## TASK DESCRIPTION:
Exactly as written, retype the lines that run from the line holding "Features: Vegan suede" through the end of the records below. Do not include pictures.

## RECORDS FOR THIS TASK:
------

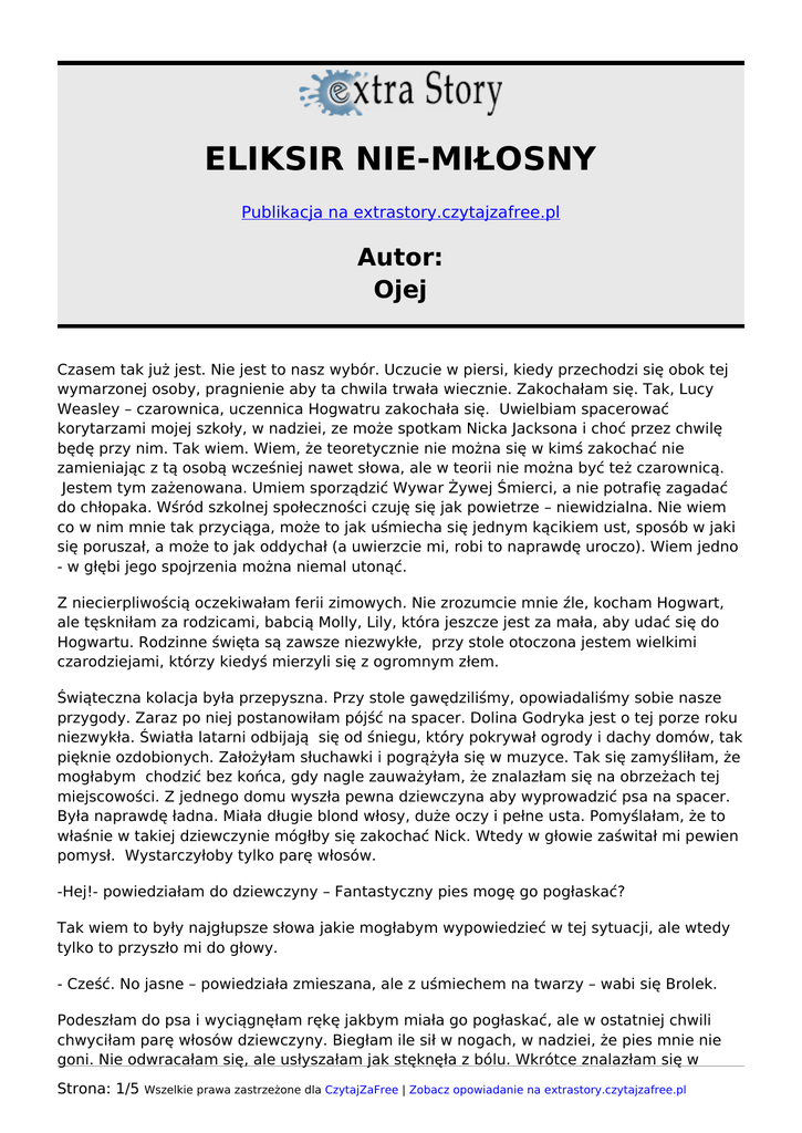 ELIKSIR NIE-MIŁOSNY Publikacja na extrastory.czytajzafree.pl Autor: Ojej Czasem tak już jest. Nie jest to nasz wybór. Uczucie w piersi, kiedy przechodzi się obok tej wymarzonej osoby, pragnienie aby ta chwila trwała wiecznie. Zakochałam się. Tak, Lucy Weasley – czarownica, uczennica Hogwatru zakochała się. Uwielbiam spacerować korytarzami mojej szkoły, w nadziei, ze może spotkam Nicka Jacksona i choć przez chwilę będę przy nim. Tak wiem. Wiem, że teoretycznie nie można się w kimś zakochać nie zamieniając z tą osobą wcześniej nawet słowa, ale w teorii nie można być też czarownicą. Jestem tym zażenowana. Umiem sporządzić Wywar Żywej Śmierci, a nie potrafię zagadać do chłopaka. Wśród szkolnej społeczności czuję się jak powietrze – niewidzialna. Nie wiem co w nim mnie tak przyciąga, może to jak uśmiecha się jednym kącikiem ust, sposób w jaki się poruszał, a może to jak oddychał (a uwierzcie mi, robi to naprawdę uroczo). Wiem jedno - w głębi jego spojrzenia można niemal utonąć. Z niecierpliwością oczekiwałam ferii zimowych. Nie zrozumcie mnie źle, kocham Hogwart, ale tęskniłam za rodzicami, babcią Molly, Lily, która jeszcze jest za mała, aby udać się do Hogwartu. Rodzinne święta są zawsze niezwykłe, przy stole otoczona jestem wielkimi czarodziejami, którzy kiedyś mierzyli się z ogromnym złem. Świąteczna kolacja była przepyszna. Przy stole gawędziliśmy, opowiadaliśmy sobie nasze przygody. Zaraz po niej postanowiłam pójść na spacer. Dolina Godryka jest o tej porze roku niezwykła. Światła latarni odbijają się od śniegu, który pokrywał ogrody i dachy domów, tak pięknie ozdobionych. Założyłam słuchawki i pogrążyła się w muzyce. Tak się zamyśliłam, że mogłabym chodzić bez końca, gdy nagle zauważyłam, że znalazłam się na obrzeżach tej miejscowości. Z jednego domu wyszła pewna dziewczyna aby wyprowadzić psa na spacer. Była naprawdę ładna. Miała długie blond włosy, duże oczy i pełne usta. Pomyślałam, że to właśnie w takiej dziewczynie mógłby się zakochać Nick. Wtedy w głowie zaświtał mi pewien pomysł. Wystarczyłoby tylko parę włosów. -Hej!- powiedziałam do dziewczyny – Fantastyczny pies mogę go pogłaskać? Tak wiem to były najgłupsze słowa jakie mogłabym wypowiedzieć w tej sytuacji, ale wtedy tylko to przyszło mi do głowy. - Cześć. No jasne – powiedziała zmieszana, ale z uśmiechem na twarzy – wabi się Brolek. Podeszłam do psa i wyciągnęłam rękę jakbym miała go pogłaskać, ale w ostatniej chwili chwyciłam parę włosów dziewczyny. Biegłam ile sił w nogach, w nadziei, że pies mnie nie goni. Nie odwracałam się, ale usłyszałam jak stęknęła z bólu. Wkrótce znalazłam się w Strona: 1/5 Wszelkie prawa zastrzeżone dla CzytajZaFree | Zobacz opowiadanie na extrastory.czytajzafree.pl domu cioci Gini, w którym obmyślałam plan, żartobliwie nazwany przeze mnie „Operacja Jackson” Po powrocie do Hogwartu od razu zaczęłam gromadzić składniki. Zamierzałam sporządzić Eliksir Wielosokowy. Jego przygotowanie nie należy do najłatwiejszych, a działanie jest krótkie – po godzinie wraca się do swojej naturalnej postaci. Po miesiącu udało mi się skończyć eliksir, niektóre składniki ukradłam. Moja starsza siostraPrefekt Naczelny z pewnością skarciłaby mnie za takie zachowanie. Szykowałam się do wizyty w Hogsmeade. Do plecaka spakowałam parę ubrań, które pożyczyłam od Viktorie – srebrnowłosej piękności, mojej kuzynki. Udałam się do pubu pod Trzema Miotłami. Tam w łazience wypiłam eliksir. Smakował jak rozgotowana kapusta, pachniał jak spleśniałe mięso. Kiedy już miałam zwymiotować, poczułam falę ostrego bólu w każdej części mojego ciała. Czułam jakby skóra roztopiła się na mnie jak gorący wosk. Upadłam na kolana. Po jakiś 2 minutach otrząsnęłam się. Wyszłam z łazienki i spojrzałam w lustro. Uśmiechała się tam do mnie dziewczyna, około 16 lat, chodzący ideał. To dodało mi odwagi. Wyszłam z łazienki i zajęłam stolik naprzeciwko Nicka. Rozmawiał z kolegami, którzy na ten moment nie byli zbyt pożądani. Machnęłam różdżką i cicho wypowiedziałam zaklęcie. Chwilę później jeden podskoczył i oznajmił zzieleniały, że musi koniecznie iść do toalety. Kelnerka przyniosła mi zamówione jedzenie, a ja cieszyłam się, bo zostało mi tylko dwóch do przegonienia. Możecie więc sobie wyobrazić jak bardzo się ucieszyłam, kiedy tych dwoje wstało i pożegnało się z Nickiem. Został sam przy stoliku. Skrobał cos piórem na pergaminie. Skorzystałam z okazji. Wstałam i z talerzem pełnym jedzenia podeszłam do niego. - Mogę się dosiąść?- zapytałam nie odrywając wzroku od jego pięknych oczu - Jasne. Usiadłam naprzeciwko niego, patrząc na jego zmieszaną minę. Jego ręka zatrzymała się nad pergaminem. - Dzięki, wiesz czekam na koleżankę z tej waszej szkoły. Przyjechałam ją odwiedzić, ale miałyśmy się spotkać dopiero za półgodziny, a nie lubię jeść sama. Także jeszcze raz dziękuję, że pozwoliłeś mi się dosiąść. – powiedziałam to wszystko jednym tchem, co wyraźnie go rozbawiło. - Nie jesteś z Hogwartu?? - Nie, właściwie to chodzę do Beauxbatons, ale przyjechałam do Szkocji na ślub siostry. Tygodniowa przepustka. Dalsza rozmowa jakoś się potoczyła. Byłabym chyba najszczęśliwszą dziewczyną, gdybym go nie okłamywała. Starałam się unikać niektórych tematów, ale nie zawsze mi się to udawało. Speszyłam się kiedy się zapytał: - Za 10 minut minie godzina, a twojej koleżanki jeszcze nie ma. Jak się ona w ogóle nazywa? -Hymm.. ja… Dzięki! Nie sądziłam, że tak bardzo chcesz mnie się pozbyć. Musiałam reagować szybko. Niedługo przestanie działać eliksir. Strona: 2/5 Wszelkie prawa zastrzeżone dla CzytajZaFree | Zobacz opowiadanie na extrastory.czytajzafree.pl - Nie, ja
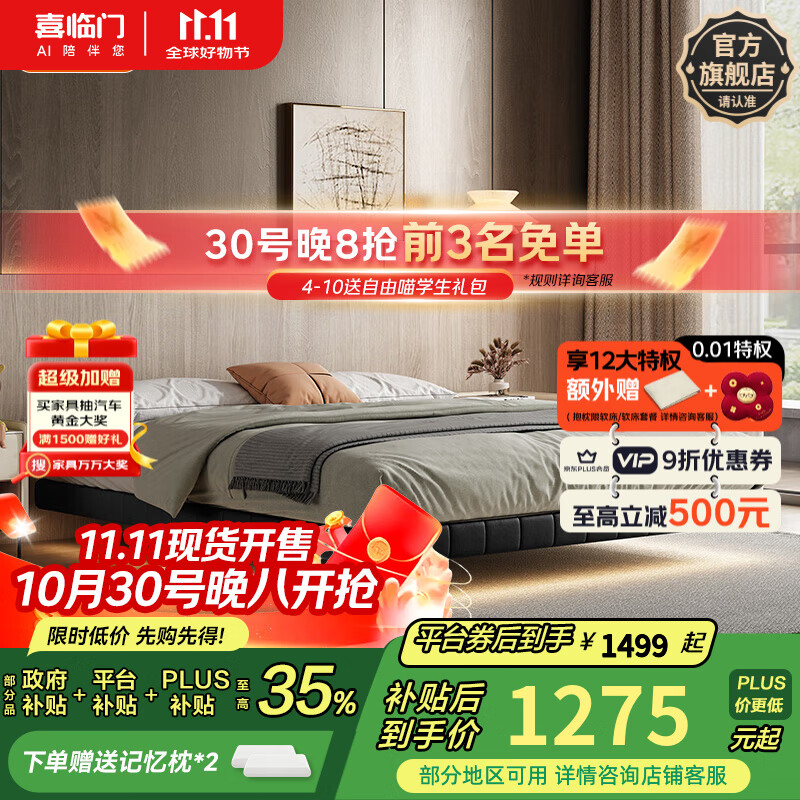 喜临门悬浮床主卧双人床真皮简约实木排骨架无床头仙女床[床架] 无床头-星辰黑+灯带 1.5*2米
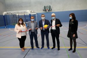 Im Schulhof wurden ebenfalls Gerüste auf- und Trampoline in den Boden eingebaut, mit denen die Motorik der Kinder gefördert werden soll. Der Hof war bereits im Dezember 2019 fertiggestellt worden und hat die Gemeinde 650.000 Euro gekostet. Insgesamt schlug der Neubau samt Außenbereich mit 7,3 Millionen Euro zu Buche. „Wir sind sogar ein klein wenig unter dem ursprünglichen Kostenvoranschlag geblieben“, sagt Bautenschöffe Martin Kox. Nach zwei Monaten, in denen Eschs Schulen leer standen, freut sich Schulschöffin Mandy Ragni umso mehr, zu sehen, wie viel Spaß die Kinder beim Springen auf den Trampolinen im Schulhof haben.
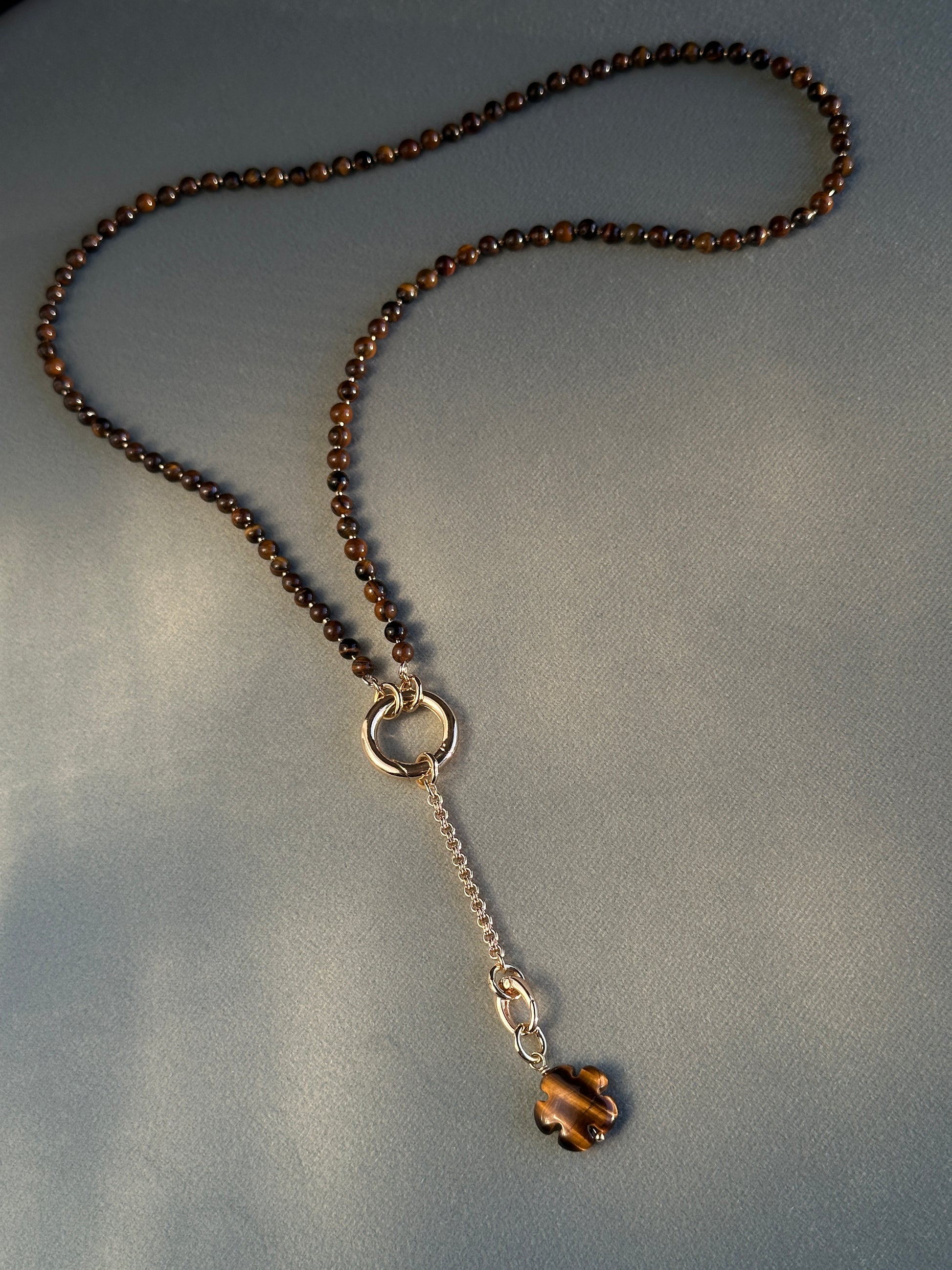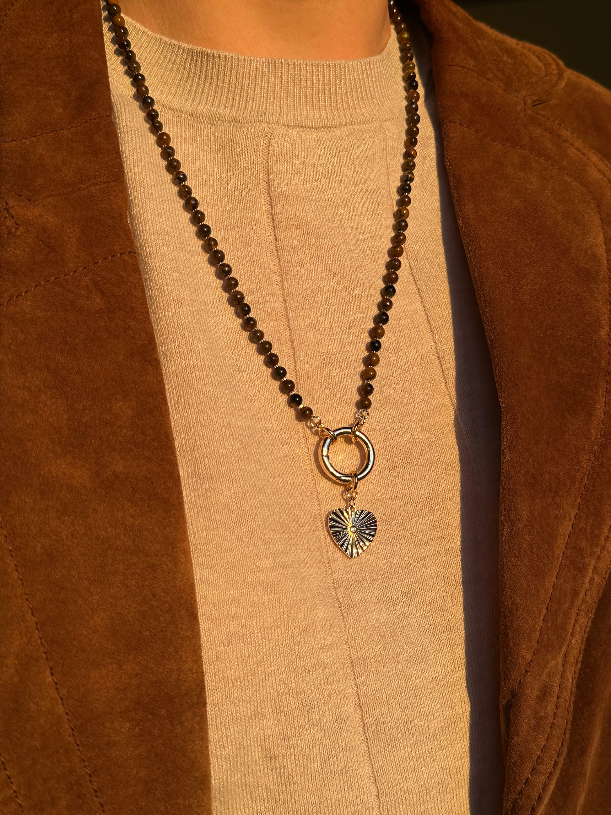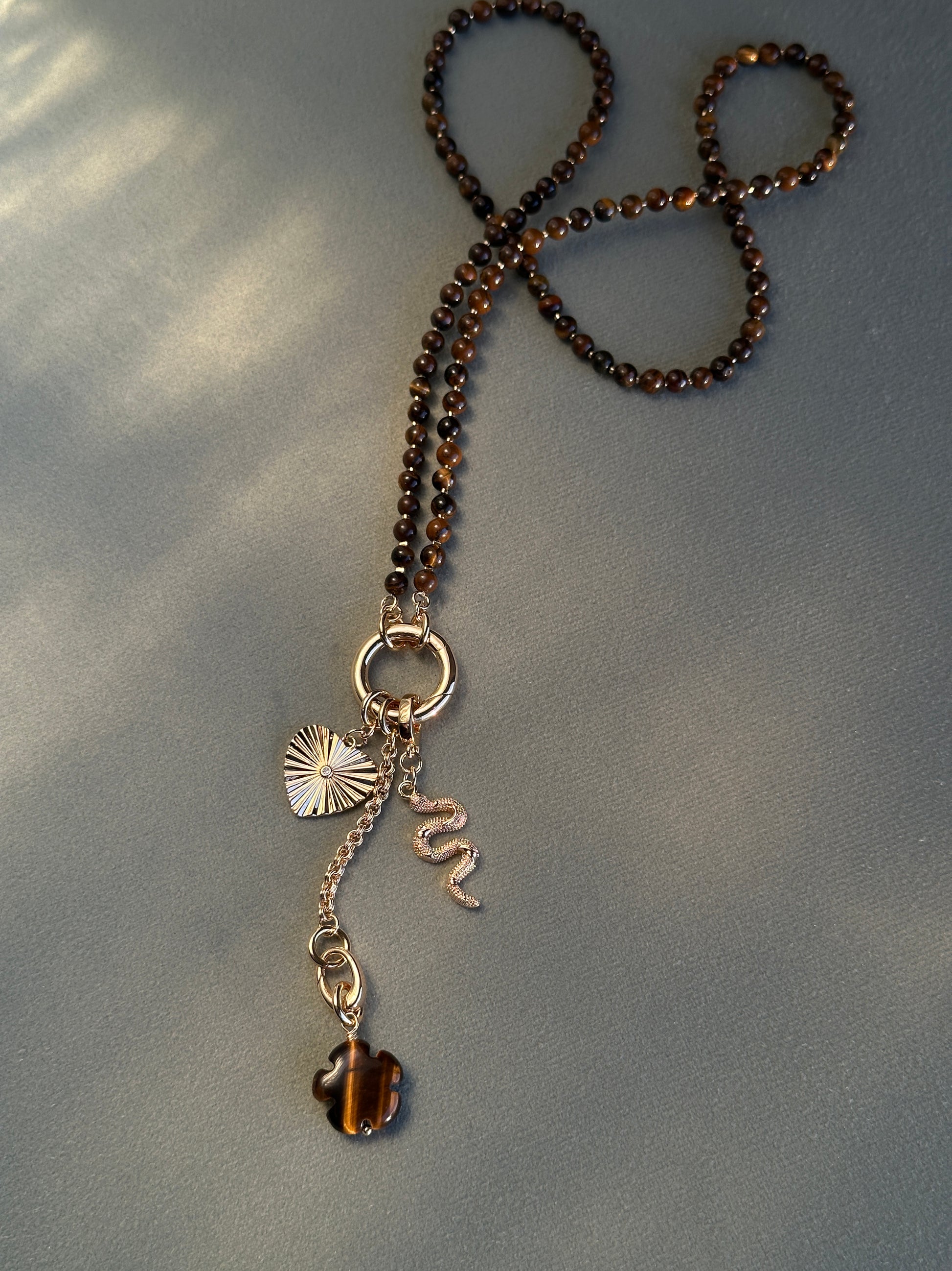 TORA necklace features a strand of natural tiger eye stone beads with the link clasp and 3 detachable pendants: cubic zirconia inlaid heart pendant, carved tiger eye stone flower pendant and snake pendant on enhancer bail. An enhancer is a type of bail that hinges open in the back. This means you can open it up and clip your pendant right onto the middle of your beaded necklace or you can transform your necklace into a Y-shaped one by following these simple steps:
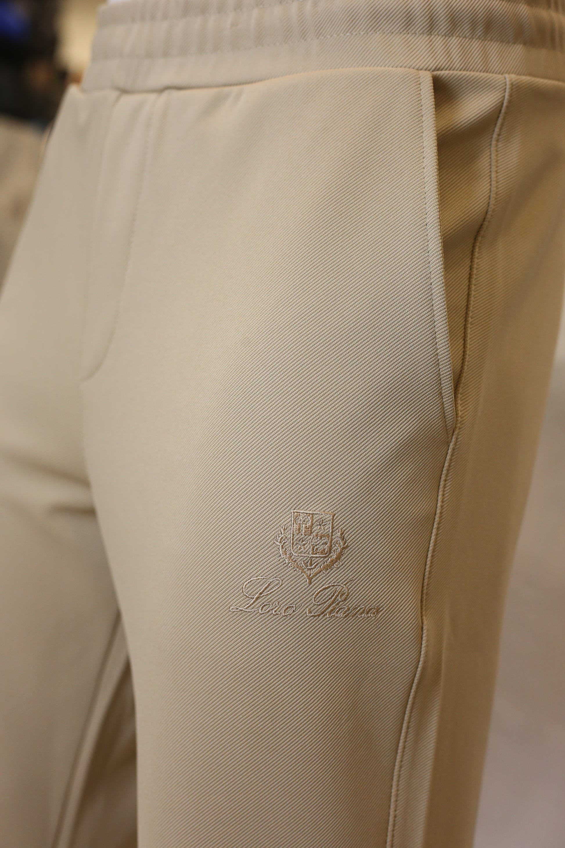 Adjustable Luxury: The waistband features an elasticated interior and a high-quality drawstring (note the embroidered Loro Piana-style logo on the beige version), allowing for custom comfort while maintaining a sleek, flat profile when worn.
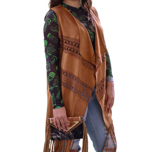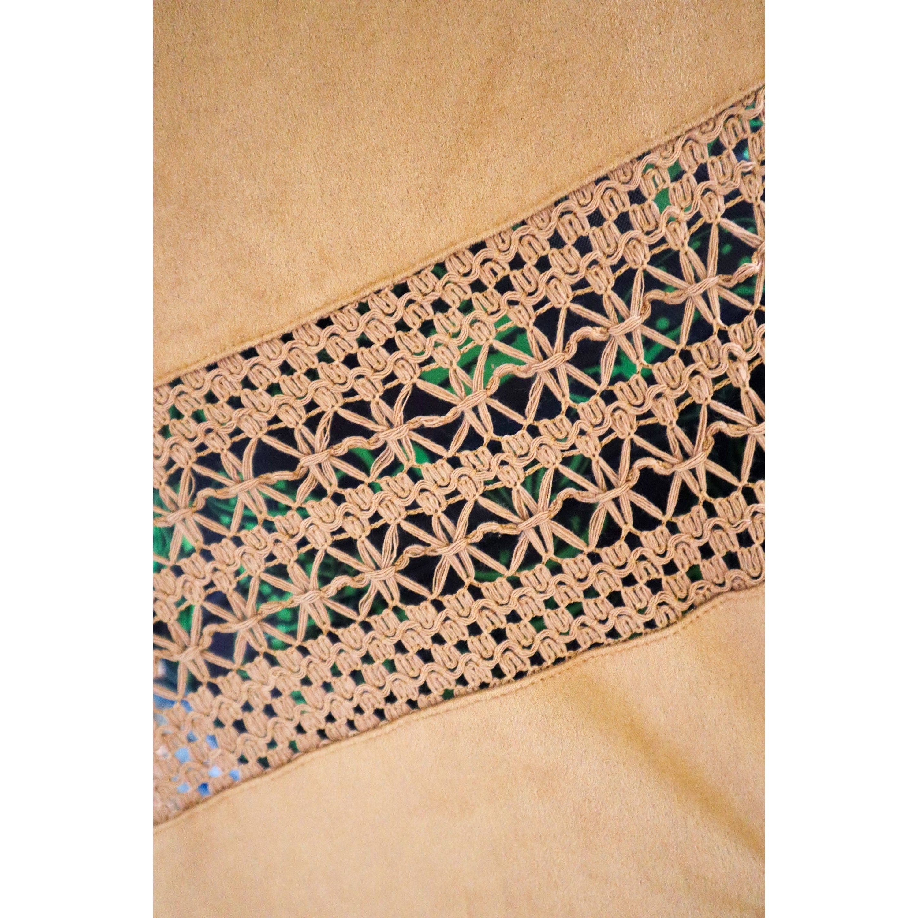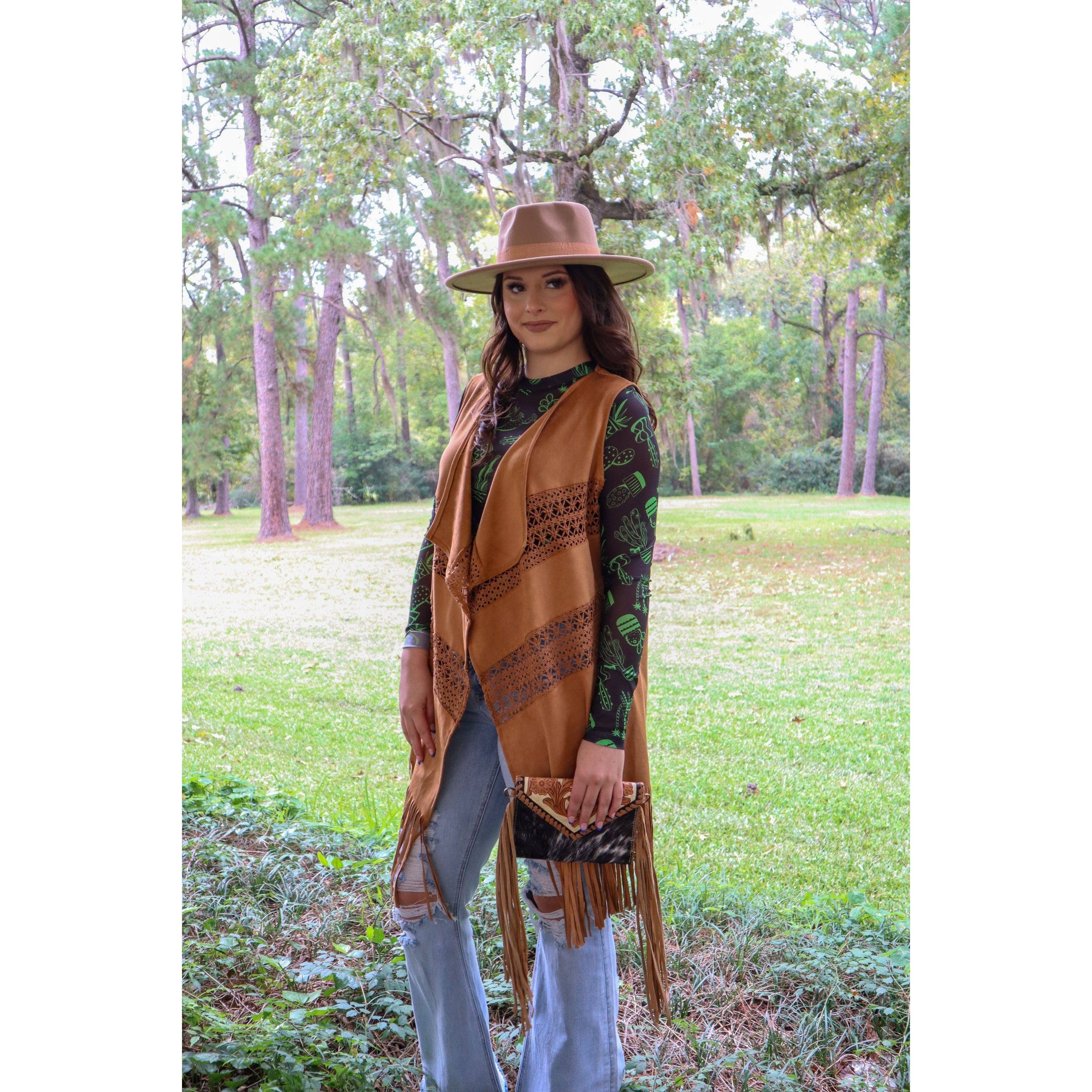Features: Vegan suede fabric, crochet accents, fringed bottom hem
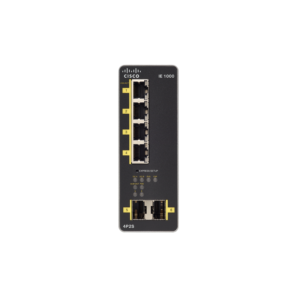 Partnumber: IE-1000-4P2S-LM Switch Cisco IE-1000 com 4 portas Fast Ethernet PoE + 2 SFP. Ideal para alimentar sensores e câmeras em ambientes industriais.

------

## TASK RESPONSE:
Features: Vegan suede fabric, crochet accents, fringed bottom hem
 Partnumber: IE-1000-4P2S-LM Switch Cisco IE-1000 com 4 portas Fast Ethernet PoE + 2 SFP. Ideal para alimentar sensores e câmeras em ambientes industriais.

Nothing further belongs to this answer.